→ **EXERCISE PROMPT**: Below is a listing; restate from it, character for character, the lines beginning at the line holding "Discover our 3D" and ending at the line holding "Schon jetzt ein", both included.

INFORMATION SHOWN: Begin

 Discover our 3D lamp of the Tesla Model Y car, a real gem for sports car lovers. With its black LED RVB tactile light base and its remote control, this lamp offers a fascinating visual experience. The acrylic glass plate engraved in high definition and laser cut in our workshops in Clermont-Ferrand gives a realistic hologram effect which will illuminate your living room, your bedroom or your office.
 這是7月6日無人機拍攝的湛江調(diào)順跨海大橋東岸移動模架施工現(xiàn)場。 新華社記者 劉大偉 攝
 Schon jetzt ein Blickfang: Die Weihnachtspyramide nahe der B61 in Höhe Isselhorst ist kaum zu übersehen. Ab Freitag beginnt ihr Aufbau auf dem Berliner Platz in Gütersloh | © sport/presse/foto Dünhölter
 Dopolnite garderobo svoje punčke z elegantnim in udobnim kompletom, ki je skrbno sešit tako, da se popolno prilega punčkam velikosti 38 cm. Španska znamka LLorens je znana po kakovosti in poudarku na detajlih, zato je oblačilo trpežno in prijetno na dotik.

INFORMATION SHOWN: End
INFORMATION SHOWN: Begin

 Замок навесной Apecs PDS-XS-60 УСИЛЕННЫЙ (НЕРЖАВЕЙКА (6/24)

INFORMATION SHOWN: End

→ **ANSWER BOX**:
 Discover our 3D lamp of the Tesla Model Y car, a real gem for sports car lovers. With its black LED RVB tactile light base and its remote control, this lamp offers a fascinating visual experience. The acrylic glass plate engraved in high definition and laser cut in our workshops in Clermont-Ferrand gives a realistic hologram effect which will illuminate your living room, your bedroom or your office.
 這是7月6日無人機拍攝的湛江調(diào)順跨海大橋東岸移動模架施工現(xiàn)場。 新華社記者 劉大偉 攝
 Schon jetzt ein Blickfang: Die Weihnachtspyramide nahe der B61 in Höhe Isselhorst ist kaum zu übersehen. Ab Freitag beginnt ihr Aufbau auf dem Berliner Platz in Gütersloh | © sport/presse/foto Dünhölter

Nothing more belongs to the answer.